(Records from a collection)
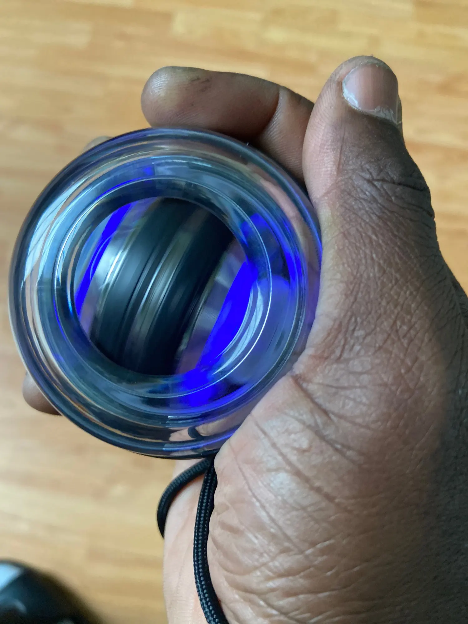 дошёл быстро, шарик как в описании. а вот придрочиться его крутить не просто. Но в натуре качает кисть и руку
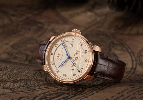 千帆蔽日,七下西洋,六百年前中国的伟⼤航程,不仅以其征服⼴袤的海洋而显得波澜壮阔,更以其威远服⼈、君临天下的⼤国⽓度而光耀万邦。鼎唐将这光耀史册的成就凝刻于表盘,并辅以陀飞轮这⼀复杂制表技艺,打造出领航系列表款,致敬郑和向世界展示中国的强盛,意为“领航”。
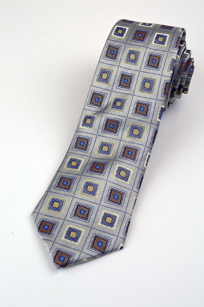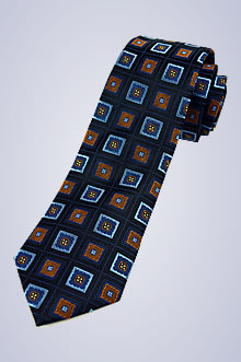 Tie your professional wear together with this mens ivory necktie. Offering a classic look, with blue and brown box design on navy background.
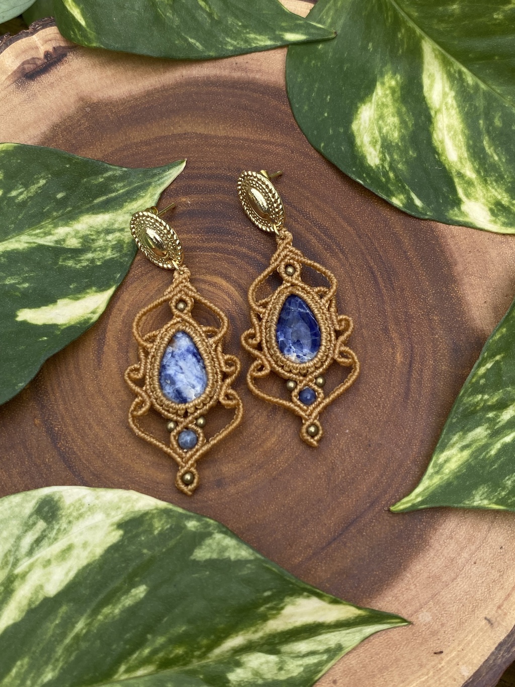 Este delicado par de brincos foi cuidadosamente confeccionado com pedras naturais de Sodalita, conhecidas por sua energia de clareza mental e intuição, além de esferas de Sodalita que complementam sua beleza com harmonia. Detalhes com miçangas de ouro velho acrescentam um toque clássico e sofisticado. Finalizados com bases para brincos de bijuterias, proporcionando conforto e praticidade.
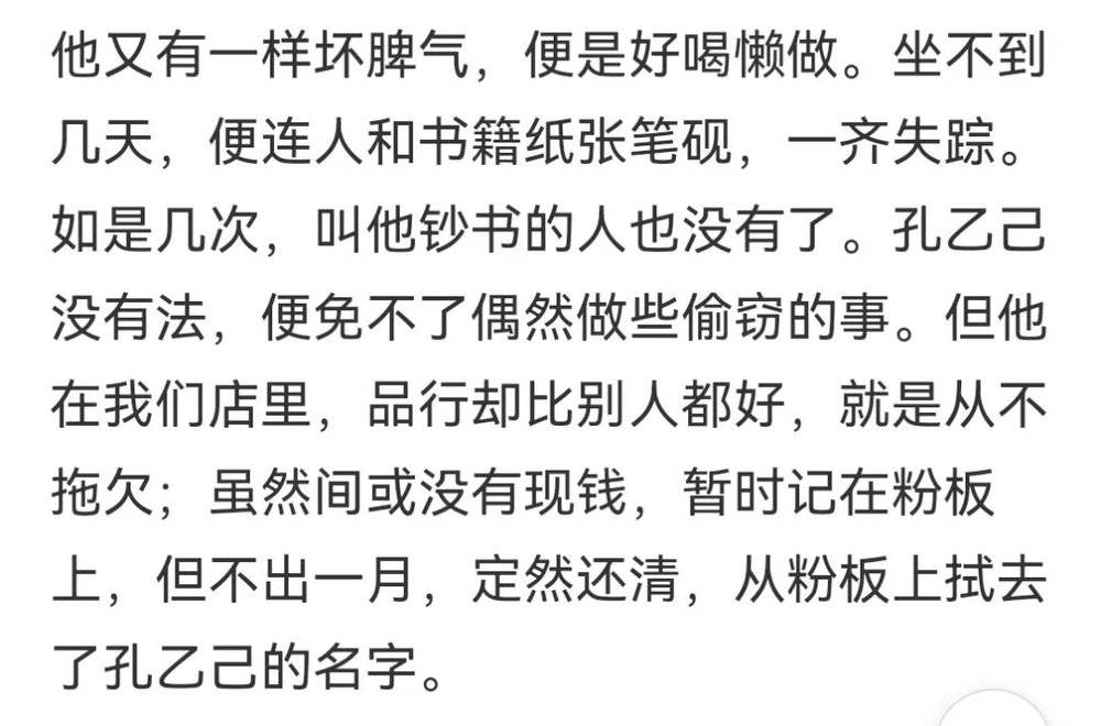 但有一说一,我自从中学之后,就没完整看过《孔乙己》的原文。孔乙己的形象以梗和定型文的形式活在我心中。前一阵子,我把孔乙己的原文又看了一遍,发现虽然网友经常用孔乙己来代指小镇做题家,实际上孔乙己和做题家有本质区别。
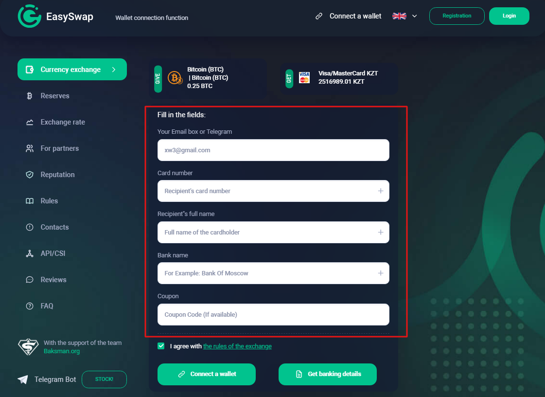 Click "Start exchange", which will mean your agreement with the exchange rules. Please familiarize yourself with them in advance;
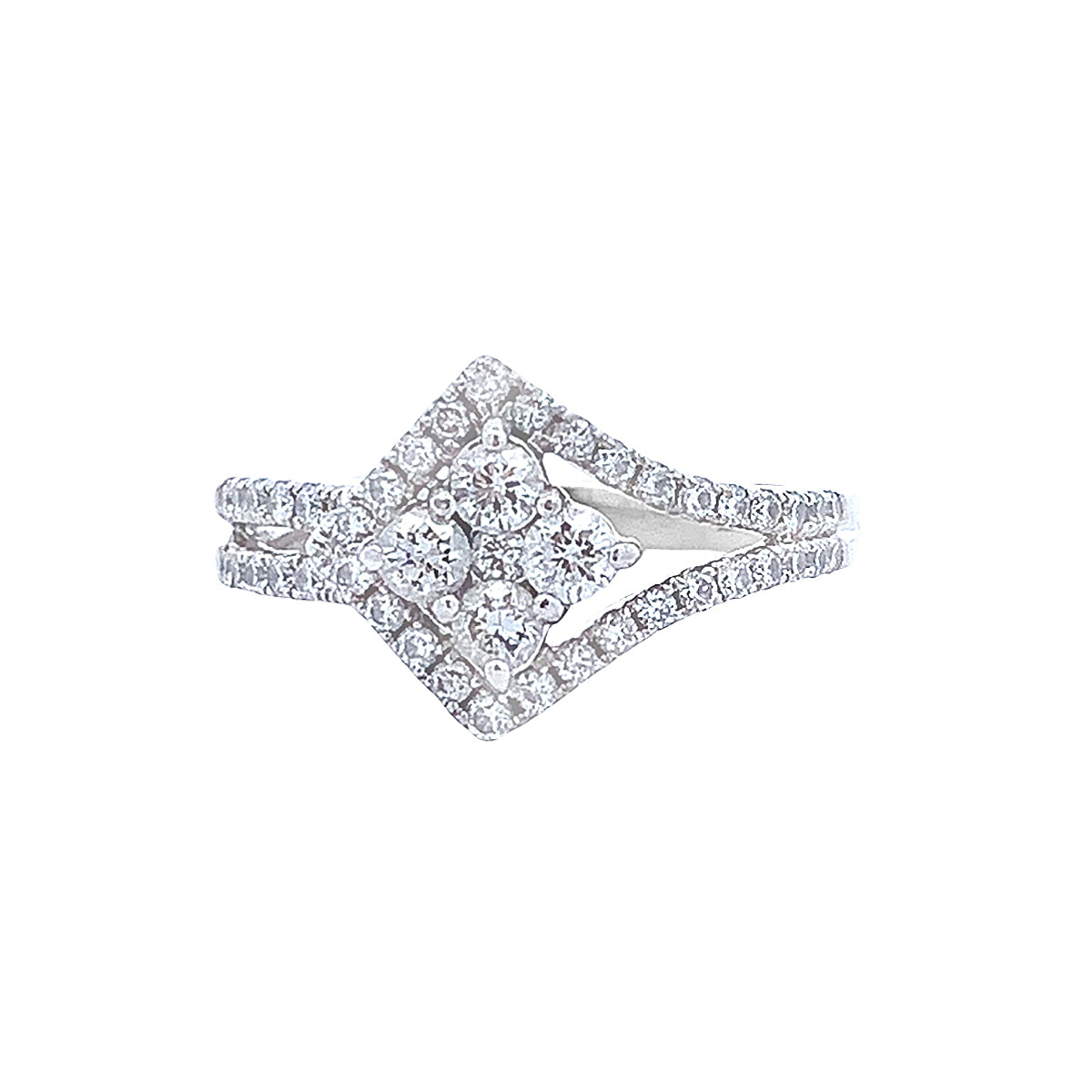 14k white gold Vintage 0.73ct pointed diamond cluster fashion ring, size 7.5

◆ Work instruction
Your answer must be the records above, word for word, with no pictures.

◆ Response to the task
 дошёл быстро, шарик как в описании. а вот придрочиться его крутить не просто. Но в натуре качает кисть и руку
 千帆蔽日,七下西洋,六百年前中国的伟⼤航程,不仅以其征服⼴袤的海洋而显得波澜壮阔,更以其威远服⼈、君临天下的⼤国⽓度而光耀万邦。鼎唐将这光耀史册的成就凝刻于表盘,并辅以陀飞轮这⼀复杂制表技艺,打造出领航系列表款,致敬郑和向世界展示中国的强盛,意为“领航”。
 Tie your professional wear together with this mens ivory necktie. Offering a classic look, with blue and brown box design on navy background.
 Este delicado par de brincos foi cuidadosamente confeccionado com pedras naturais de Sodalita, conhecidas por sua energia de clareza mental e intuição, além de esferas de Sodalita que complementam sua beleza com harmonia. Detalhes com miçangas de ouro velho acrescentam um toque clássico e sofisticado. Finalizados com bases para brincos de bijuterias, proporcionando conforto e praticidade.
 但有一说一,我自从中学之后,就没完整看过《孔乙己》的原文。孔乙己的形象以梗和定型文的形式活在我心中。前一阵子,我把孔乙己的原文又看了一遍,发现虽然网友经常用孔乙己来代指小镇做题家,实际上孔乙己和做题家有本质区别。
 Click "Start exchange", which will mean your agreement with the exchange rules. Please familiarize yourself with them in advance;
 14k white gold Vintage 0.73ct pointed diamond cluster fashion ring, size 7.5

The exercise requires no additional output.